■ Required work
The records below are to be written out exactly, with every picture omitted.

■ Exercise data
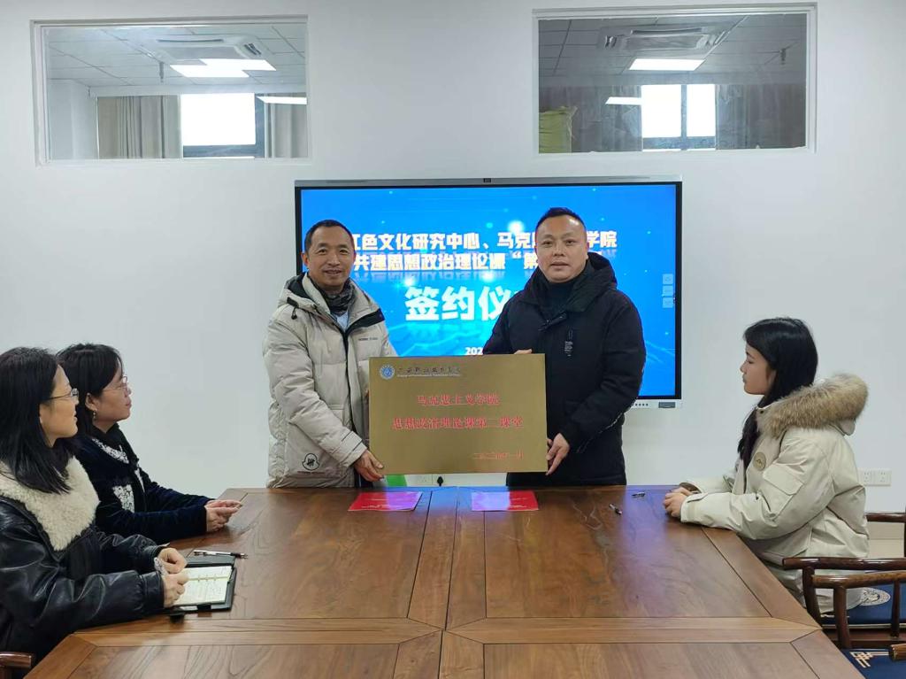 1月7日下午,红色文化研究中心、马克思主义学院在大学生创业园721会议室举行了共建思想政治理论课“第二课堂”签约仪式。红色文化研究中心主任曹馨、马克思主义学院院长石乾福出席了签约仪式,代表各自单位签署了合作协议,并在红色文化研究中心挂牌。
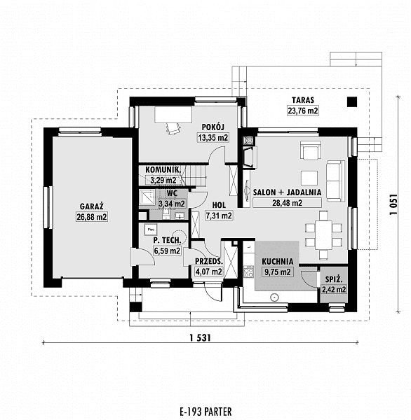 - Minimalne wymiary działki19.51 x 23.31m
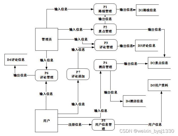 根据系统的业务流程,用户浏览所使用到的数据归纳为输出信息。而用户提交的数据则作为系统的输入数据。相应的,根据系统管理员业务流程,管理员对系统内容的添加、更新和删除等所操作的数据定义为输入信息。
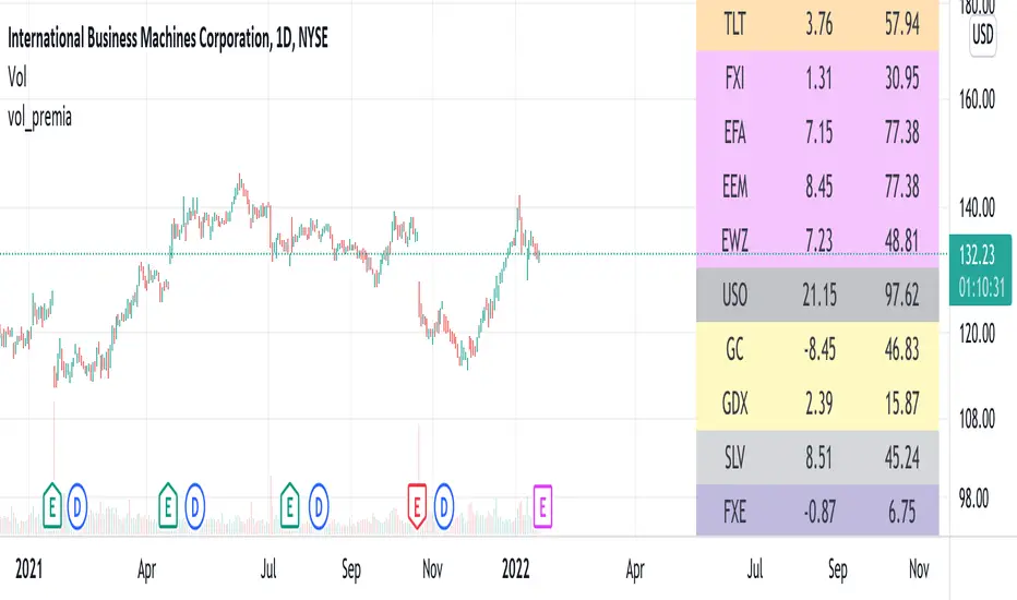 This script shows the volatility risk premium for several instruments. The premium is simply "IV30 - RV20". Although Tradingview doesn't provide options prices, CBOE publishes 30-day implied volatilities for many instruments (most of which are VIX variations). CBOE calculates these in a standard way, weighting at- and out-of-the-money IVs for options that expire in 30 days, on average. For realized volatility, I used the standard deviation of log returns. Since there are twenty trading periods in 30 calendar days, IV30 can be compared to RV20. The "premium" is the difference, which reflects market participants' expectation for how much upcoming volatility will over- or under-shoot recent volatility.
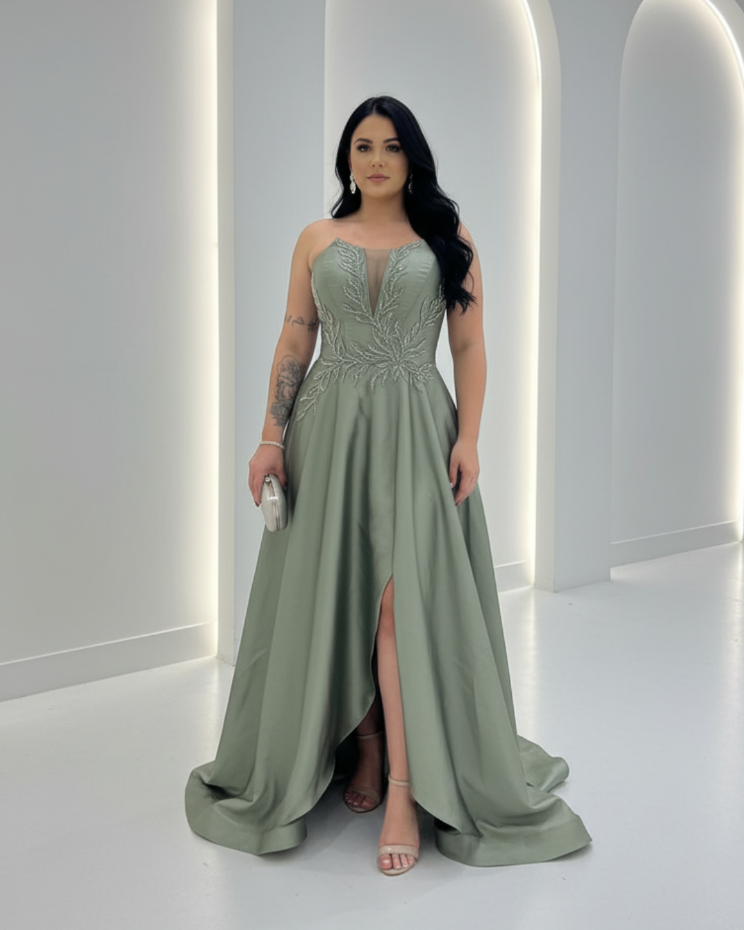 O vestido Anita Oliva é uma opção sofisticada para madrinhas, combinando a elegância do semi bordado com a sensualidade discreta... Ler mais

■ Solution below
 1月7日下午,红色文化研究中心、马克思主义学院在大学生创业园721会议室举行了共建思想政治理论课“第二课堂”签约仪式。红色文化研究中心主任曹馨、马克思主义学院院长石乾福出席了签约仪式,代表各自单位签署了合作协议,并在红色文化研究中心挂牌。
 - Minimalne wymiary działki19.51 x 23.31m
 根据系统的业务流程,用户浏览所使用到的数据归纳为输出信息。而用户提交的数据则作为系统的输入数据。相应的,根据系统管理员业务流程,管理员对系统内容的添加、更新和删除等所操作的数据定义为输入信息。
 This script shows the volatility risk premium for several instruments. The premium is simply "IV30 - RV20". Although Tradingview doesn't provide options prices, CBOE publishes 30-day implied volatilities for many instruments (most of which are VIX variations). CBOE calculates these in a standard way, weighting at- and out-of-the-money IVs for options that expire in 30 days, on average. For realized volatility, I used the standard deviation of log returns. Since there are twenty trading periods in 30 calendar days, IV30 can be compared to RV20. The "premium" is the difference, which reflects market participants' expectation for how much upcoming volatility will over- or under-shoot recent volatility.
 O vestido Anita Oliva é uma opção sofisticada para madrinhas, combinando a elegância do semi bordado com a sensualidade discreta... Ler mais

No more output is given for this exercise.